Golf watchers welcomed the news that Channel Ten had taken over the broadcast of the sport’s major championships from perennial underperformer Channel Nine but the celebrations have been shortlived.
For Ten’s coverage — or non-coverage may be more apt — of the Masters last weekend was borderline lamentable. For the telecast seemed to revolve around squeezing a bit of golf in between a torrent of commercials, sometimes up to eight at a time. And if you missed the details about the new long-distance golf ball, or luxury sedan car, then fear not: the ad was bound to reappear on the screen about five minutes later, and every five minutes after that.
On Sunday morning, just after Australian Stuart Appleby finished his courageous third round and led the Masters after 54 holes by one shot, Ten crossed to a greenside interview with Appleby conducted by the American host broadcaster. Appleby began to answer the second question put to him when, bang, Channel ten cut him off midstride and headed to its scheduled program, the totally unmissable Totally Wild . So much for a bit of flexibility up in the program director’s office.
A pat on the back, however, for the deserving winner of the Masters, American Zac Johnson, a born-again Christian who is a friend and fellow attendee of the tour’s bible class with Australia’s Aaron Baddeley.
In compiling his winning round on Sunday, Johnson shelved his ego and laid up on the two par fives on the back nine, the 13th and 15th, contrary to the accepted macho wisdom which says you must try to reach both greens in two shots. Anything less and you’re a pansy, tainted for life like the American Chip Beck who in a showdown with eventual winner Bernhard Langer in 1993 laid up on the 15th and has never lived it down.
Johnson not only avoided trouble on the two water holes, he made a birdie on the 13th and par on the 15th proving that discretion is indeed the better part of valour.
Cricket’s World Cup in the West Indies will in years to come be held up as a shining example of how not to run a major sporting event. Ticket prices have been woefully out of whack with what the average West Indian can afford, robbing the tournament of much-needed local colour, and the format of the competition has been so drawn out that the cup has totally lost momentum and almost run out of puff.
Players and former players, such as Matthew Hayden and Steve Waugh, have lined up to voice their disapproval at the running of what should have been an international celebration of the one-day game.

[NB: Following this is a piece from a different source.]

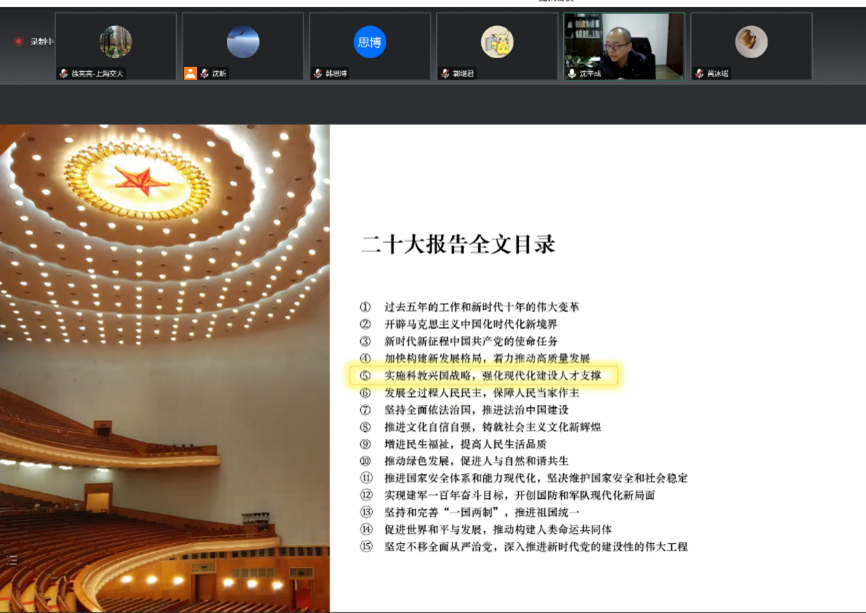 12月30日,航空动力研究所党支部教工党支部联合研究生党支部,组织开展学习党的二十大精神主题党日活动,邀请上海交通大学马克思主义学院沈辛成老师做题为“科技为根 人才为源:定位中国式现代化征程中的卡脖子问题”的主题讲座,50余名师生党员线上参加了此次活动。活动由航空动力研究所教工党支部组织委员沈昕主持。
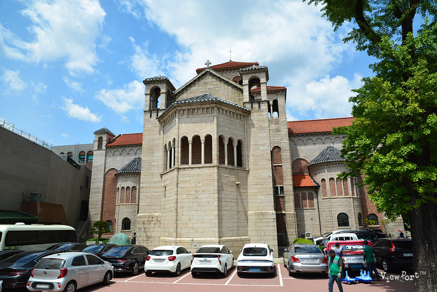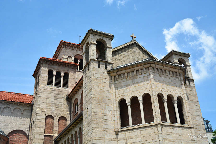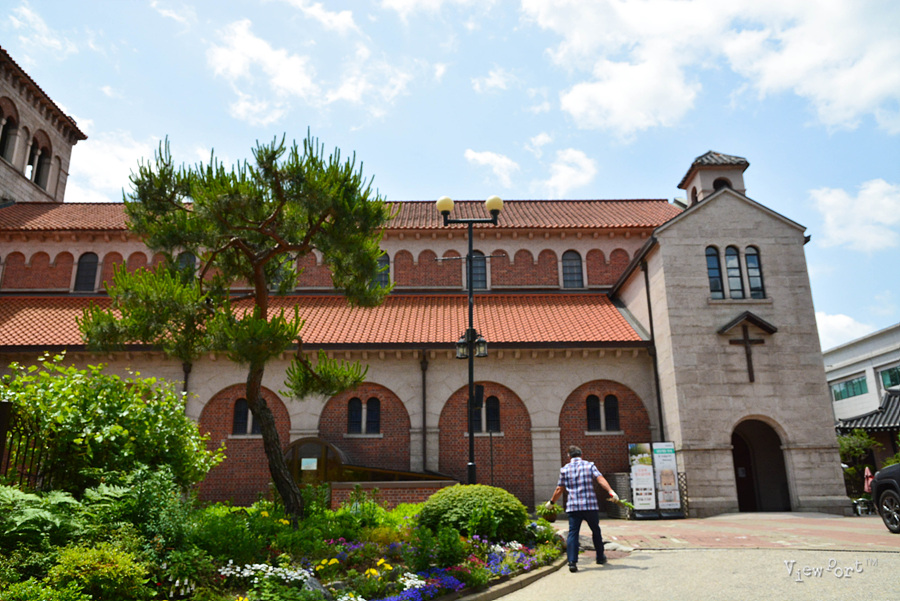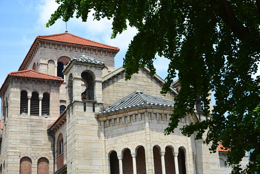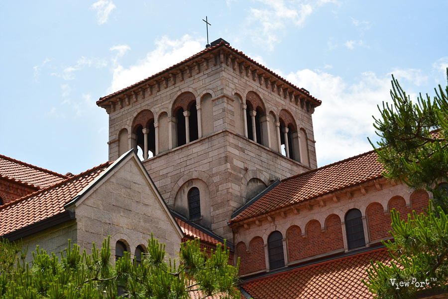 특히 로마네스크양식과 한국의 기와지붕의 양식이 섞여 축조된 건물이라고 하는데, 아마 저 까만 지붕의 기와 모양을 얘기하는 것 같네요

The West Indies have played once in the past 18 days, Australia on average every six days. The waits between marquee matches have been interminable, and interest has waned accordingly. The ICC will be fervently hoping the semi-finals and final provide enough tension and drama to turn around the bad press of the past month.
In fact, the ICC brains trust would do well to convene a meeting straight after the final in Barbados on April 28, lock themselves away for a day and work out why the tournament has degenerated into such a yawn-fest. And they could start by making sure television is never again allowed to dominate scheduling in the way it has in these past few weeks where just one game a day has been played through the Super Eights stage.
It’s not open season on West Coast, but sometimes it just feels like that. The beleaguered (off the field, anyway) Perth club just keeps doing things that win it no friends. They might be undefeated in their opening two matches of the AFL season but, in the PR stakes, the Eagles are shoo-ins for the wooden spoon.
The club rolled out assistant coach Tony Micale last week to talk about the club’s injured players. Of special interest was the condition of Dean Cox, perhaps the best ruckman in the league, who had missed the first round with a thigh strain. (He was picked by the Eagles for that game as well, but predictably did not take his place.)
Well, asked the reporters at training on Wednesday, will Cox be playing this weekend against Collingwood? “Yes, we will line up as named,” said Micale confidently. But the eagle-eyed scribes had been monitoring training closely and saw that Cox hadn’t once kicked with his preferred right foot. Surely, they said to Micale, he won’t be playing if he can’t kick properly three days before the match. “He has just been complying with a program we set him for this week, and we are happy with his progress,” Micale insisted. “Coxy very rarely kicks with his right foot at training anyway, as do a number of players. We are confident…but are just being cautious.
“He is named in the side and that is the way we will go. If you look at our whole training it was a reasonably relaxed training session.”
Well, good one, Tone. Of course Cox didn’t end up playing. Thigh strains take two or three weeks to heal, at a minimum, and one wonders how many people Micale and the club fooled with this amateur-hour production. As if the opposition – Collingwood, in this case, coached by two former West Coast stalwarts Mick Malthouse and Guy McKenna – wouldn’t have known Cox was unfit to play.